Life is a glorious mess, often eliciting a tangle of thoughts and feelings. If we don’t know how to navigate this, our psyche develops a workaround so we don’t shut down completely. It oversimplifies.
For examples, please reference 99% of political messaging, which I’m sure you’ll have no trouble finding right now. The bread and butter of authoritarian figures, in particular, (within a society, within a workplace, a family…) is an oversimplified message, which:
- whittles down the complexity of reality
- packages it into emotionally triggering sound bytes**
- and preys on our psyche’s innate desire for easy answers.
**This often involves casting a group of people (like immigrants, the opposing political party, Black and Brown people, or nonbinary/trans folks, such as myself) as the enemy. This gives all that bubbling outrage a tangible focus while offering a “solution.” Eradicate the so-called enemy, and voilà! Problem solved.
On the microcosmic scale of our individual lives…
…we might gain a sense of short-term control with the Anxiety Scapegoat, but it distracts from underlying issues in need of TLC. Emery’s search for the “perfect” talisman is a proxy for their financial insecurity, painful relationship dynamics, employment stressors, etc.

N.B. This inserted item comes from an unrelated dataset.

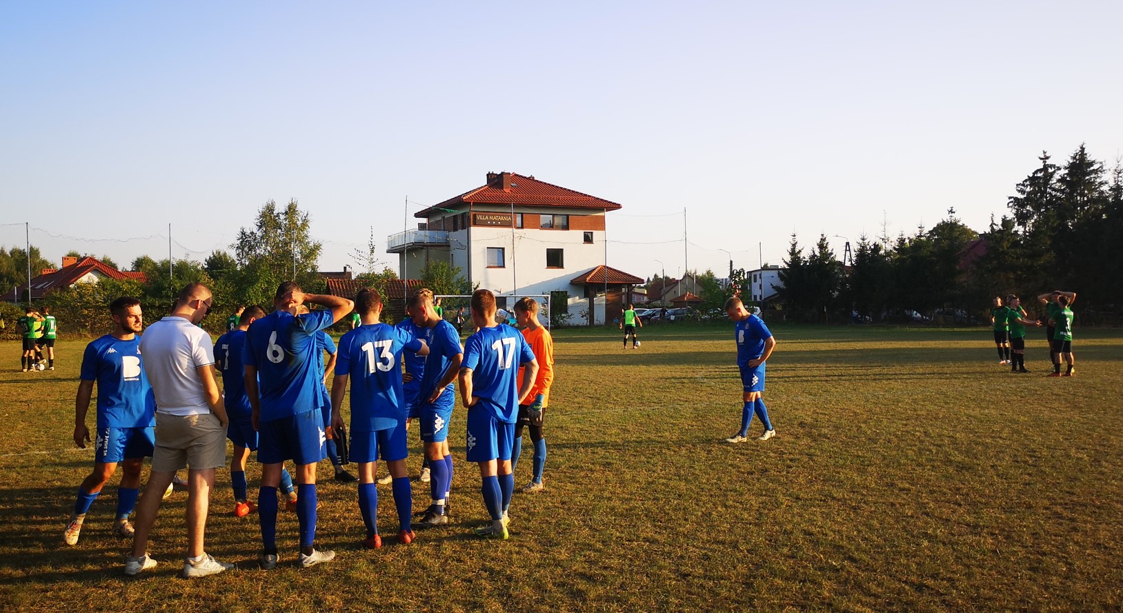 Po zmianie stron niewiele się zmieniło. My z piłką, ale bez specjalnych efektów, oni mocno wycofani liczący na stałe fragmenty gry. Niewiele się działo, jeśli nie liczyć kontuzji ręki Artioma, po popchnięciu przez rywala. Wszystko, co godne uwagi w tym meczu wydarzyło się po ostatniej przerwie na wodę. Na boisku pojawiło się kilku nowych zawodników w naszym składzie i zaczęło się wreszcie derbowe granie na poważnie. Gospodarzom nie zostało już wiele sił i wreszcie nasza przewaga fizyczna oraz ta w operowaniu piłką zrobiła swoje. Najpierw Tomek Robaczyński precyzyjnym strzałem z pola karnego wykończył podanie Macieja Zielińskiego, a chwilę potem Tomek „zmusił” obrońcę z Klukowa do efektownej przebitki w kierunku swojej bramki przelobowując własnego bramkarza. 3-0. Mogło i powinno być więcej. Strzał Patryka Nowaczyka z wolnego trafił w poprzeczkę, atak dwóch naszych zawodników sam na sam z bramkarzem zakończył się stratą piłki, gol Marcina Drewinga nie został zaliczony, bo sędzia jako jedyna osoba w Klukowie i okolicach nie zauważył piłki w siatce i jeszcze kilka innych naprawdę dobrych akcji, które powinny skończyć się kolejnymi bramkami dla Moreny. A że to derby, to jeszcze mieliśmy trochę emocji w końcówce. Najpierw mała zadyma po ostrym faulu bez piłki zawodnika z Klukowa, a potem w doliczonym czasie honorowy gol dla zespołu gospodarzy. Wygraliśmy 3-1 i w zasadzie to jest najważniejsze. A że nie wszystko wyglądało dobrze? Takie uroki tych zmagań B klasowych.

In the same way, my fixation on finding the “best” editing solution peddled the illusion that once I solved this problem, everything else would feel manageable. But no editing strategy, no matter how fantastic it may be, can magic-wand my anxiety and fears of vulnerability away.
Such a seductive promise: Solve this one thing, and everything will fall into place.
Backing ourselves out of the corner of oversimplification requires a willingness to not know. Life involves a whole lot of not-knowing, punctuated by little bursts of figuring shit out.
Anyone—your own mind included—who claims to have all the answers is selling a fantasy.
For me, two dead giveaways accompany the Anxiety Scapegoat.
One, I’m easily swayed by random opinions, with each flip-flop in thinking generating more internal unrest. For instance, maybe I listen to a podcast advocating an editing strategy similar to mine. Whew. I “get” to feel okay today. But then I see someone else lambasting my chosen method, and I’m racked with self-doubt.
This is a clear indicator that I haven’t done the work to clarify my personal values and goals. Does this method align with my values? Does it move me closer to my goals? These are far more important metrics than whatever some rando thinks!
(A variation on this theme is canvassing everyone and their uncle to solicit their approval, because trusting yourself feels too scary.)
Two—and this might seem antithetical to the first, but they’re actually peas in a pod—I dig my heels in and refuse to alter course.
History has demonstrated, time and time again, the ubiquity of this very human response. A common balm for self-doubt is fanaticism. Feeling shaky about my decision? Right-o! I’ll double—no, triple!—down, forcing everyone else to agree that I’m right.
If I can get everyone else to join in, then I can feel okay.
Here’s a sneaky variation you might be familiar with: If the other person responds favorably, then and only then is it okay for me to set this boundary. Here, we’ve swapped doing the inner work of sitting with the discomfort around disappointing or angering others for people pleasing, making the latter our metric of “success.”
When I notice these signs, this is an invitation to pause. Go for a walk. Pull out my journal.
My aim is twofold: Creating space for my feelings and thoughts, because avoiding them is likely what’s generating my anxiety to begin with. And two, reminding myself that rarely is there an iron-clad answer, so driving myself nuts trying to find one isn’t productive. Instead, I need to get clear on my personal values and goals and do my best to choose actions that align with those metrics.
In a culture that bombards us with promises of security and certainty, in exchange for our attention and outrage…
On this New Moon in Scorpio, let’s give ourselves a little more time, a little more space, to step out of the fray. Let’s re-find our center and tend to our innermost selves.
The more we learn to meet all of ourselves with compassion, even those parts that feel broken or shameful, the more we can meet the world, in all its brokenness and beauty, with the same level of care.